» EXERCISE AIM: The entries below must be reproduced exactly; their pictures are not part of the copy.

» PROVIDED RECORDS:
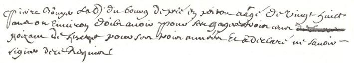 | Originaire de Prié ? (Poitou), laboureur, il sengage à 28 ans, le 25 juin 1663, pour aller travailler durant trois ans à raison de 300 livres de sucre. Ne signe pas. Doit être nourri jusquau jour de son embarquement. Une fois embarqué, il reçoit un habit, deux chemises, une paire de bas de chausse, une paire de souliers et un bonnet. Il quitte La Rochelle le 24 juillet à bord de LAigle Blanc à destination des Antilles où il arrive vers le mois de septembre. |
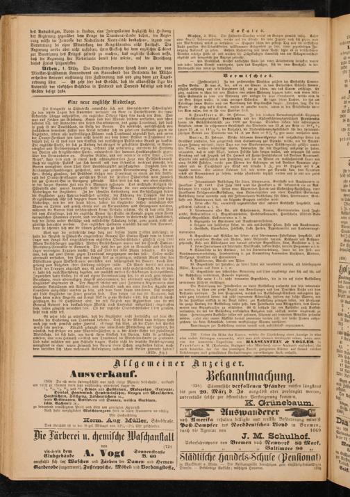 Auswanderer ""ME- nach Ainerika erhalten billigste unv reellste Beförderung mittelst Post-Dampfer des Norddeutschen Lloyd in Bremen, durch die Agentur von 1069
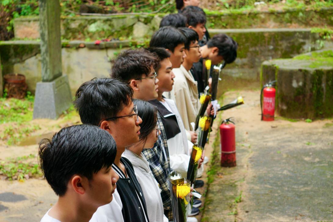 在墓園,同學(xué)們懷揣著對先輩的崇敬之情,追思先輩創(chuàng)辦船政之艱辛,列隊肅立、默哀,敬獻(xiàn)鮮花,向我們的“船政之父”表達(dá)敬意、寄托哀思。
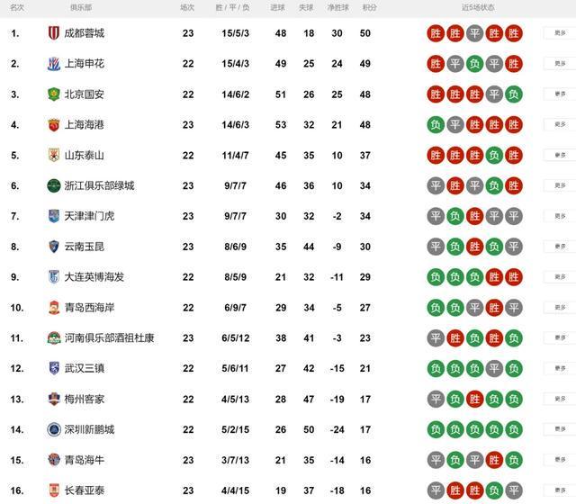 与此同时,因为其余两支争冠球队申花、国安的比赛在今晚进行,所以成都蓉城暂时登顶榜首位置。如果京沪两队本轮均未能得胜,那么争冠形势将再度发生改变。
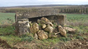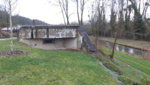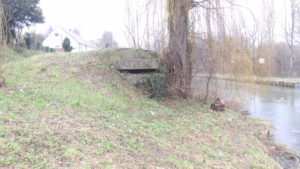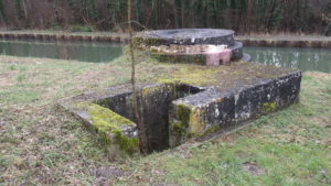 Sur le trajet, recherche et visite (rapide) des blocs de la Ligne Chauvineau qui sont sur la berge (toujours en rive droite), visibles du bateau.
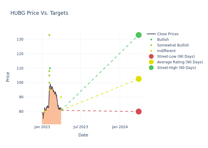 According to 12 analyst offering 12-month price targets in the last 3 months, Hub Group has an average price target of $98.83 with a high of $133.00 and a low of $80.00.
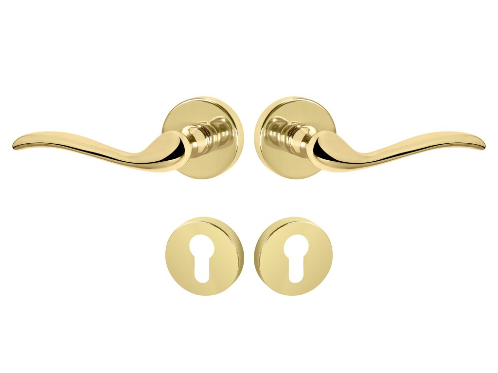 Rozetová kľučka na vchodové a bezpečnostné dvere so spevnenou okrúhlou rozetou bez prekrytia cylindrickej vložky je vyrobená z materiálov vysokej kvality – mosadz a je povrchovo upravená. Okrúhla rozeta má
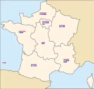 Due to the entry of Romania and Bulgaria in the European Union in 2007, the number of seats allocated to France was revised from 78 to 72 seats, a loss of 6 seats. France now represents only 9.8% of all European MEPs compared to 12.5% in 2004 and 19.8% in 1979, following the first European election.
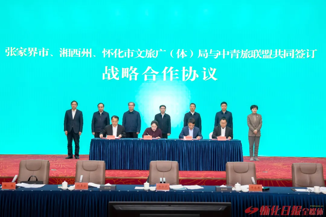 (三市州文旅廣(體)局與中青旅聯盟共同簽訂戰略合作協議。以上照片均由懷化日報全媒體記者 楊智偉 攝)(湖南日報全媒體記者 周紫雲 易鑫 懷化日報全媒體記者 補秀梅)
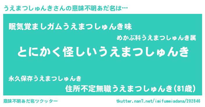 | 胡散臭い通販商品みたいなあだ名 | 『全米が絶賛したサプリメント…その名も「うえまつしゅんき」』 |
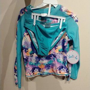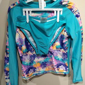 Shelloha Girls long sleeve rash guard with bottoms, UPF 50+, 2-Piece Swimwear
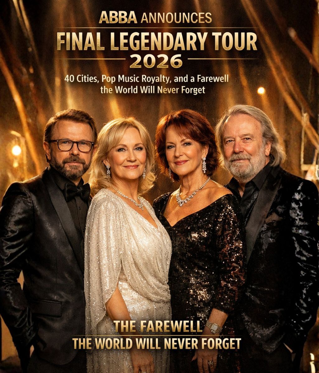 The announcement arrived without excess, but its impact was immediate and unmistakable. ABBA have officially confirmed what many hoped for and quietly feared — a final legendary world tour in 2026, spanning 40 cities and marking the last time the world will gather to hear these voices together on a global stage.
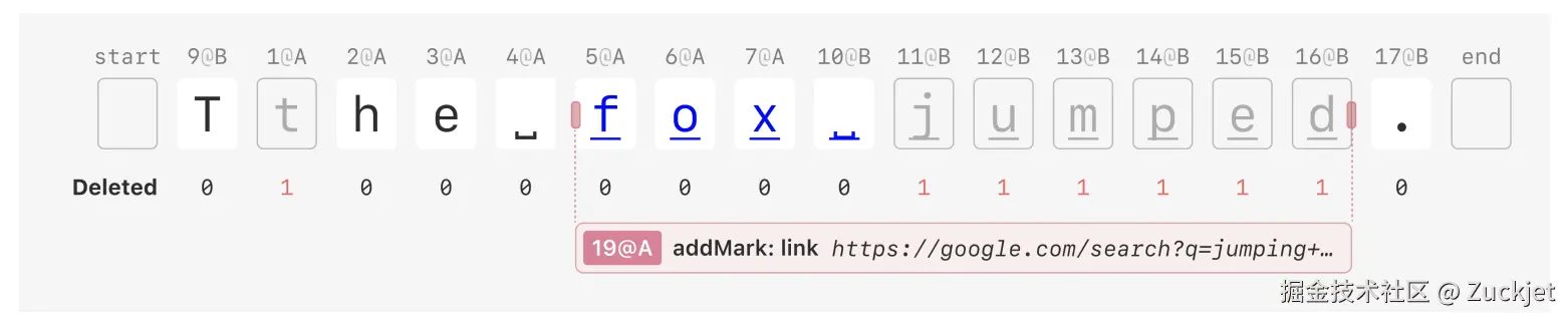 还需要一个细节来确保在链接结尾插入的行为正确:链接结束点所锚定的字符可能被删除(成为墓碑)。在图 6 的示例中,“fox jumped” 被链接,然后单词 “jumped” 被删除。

» RESULT OF THIS TASK:
 | Originaire de Prié ? (Poitou), laboureur, il sengage à 28 ans, le 25 juin 1663, pour aller travailler durant trois ans à raison de 300 livres de sucre. Ne signe pas. Doit être nourri jusquau jour de son embarquement. Une fois embarqué, il reçoit un habit, deux chemises, une paire de bas de chausse, une paire de souliers et un bonnet. Il quitte La Rochelle le 24 juillet à bord de LAigle Blanc à destination des Antilles où il arrive vers le mois de septembre. |
 Auswanderer ""ME- nach Ainerika erhalten billigste unv reellste Beförderung mittelst Post-Dampfer des Norddeutschen Lloyd in Bremen, durch die Agentur von 1069
 在墓園,同學(xué)們懷揣著對先輩的崇敬之情,追思先輩創(chuàng)辦船政之艱辛,列隊肅立、默哀,敬獻(xiàn)鮮花,向我們的“船政之父”表達(dá)敬意、寄托哀思。
 与此同时,因为其余两支争冠球队申花、国安的比赛在今晚进行,所以成都蓉城暂时登顶榜首位置。如果京沪两队本轮均未能得胜,那么争冠形势将再度发生改变。
 Sur le trajet, recherche et visite (rapide) des blocs de la Ligne Chauvineau qui sont sur la berge (toujours en rive droite), visibles du bateau.
 According to 12 analyst offering 12-month price targets in the last 3 months, Hub Group has an average price target of $98.83 with a high of $133.00 and a low of $80.00.
 Rozetová kľučka na vchodové a bezpečnostné dvere so spevnenou okrúhlou rozetou bez prekrytia cylindrickej vložky je vyrobená z materiálov vysokej kvality – mosadz a je povrchovo upravená. Okrúhla rozeta má
 Due to the entry of Romania and Bulgaria in the European Union in 2007, the number of seats allocated to France was revised from 78 to 72 seats, a loss of 6 seats. France now represents only 9.8% of all European MEPs compared to 12.5% in 2004 and 19.8% in 1979, following the first European election.
 (三市州文旅廣(體)局與中青旅聯盟共同簽訂戰略合作協議。以上照片均由懷化日報全媒體記者 楊智偉 攝)(湖南日報全媒體記者 周紫雲 易鑫 懷化日報全媒體記者 補秀梅)
 | 胡散臭い通販商品みたいなあだ名 | 『全米が絶賛したサプリメント…その名も「うえまつしゅんき」』 |
 Shelloha Girls long sleeve rash guard with bottoms, UPF 50+, 2-Piece Swimwear
 The announcement arrived without excess, but its impact was immediate and unmistakable. ABBA have officially confirmed what many hoped for and quietly feared — a final legendary world tour in 2026, spanning 40 cities and marking the last time the world will gather to hear these voices together on a global stage.
 还需要一个细节来确保在链接结尾插入的行为正确:链接结束点所锚定的字符可能被删除(成为墓碑)。在图 6 的示例中,“fox jumped” 被链接,然后单词 “jumped” 被删除。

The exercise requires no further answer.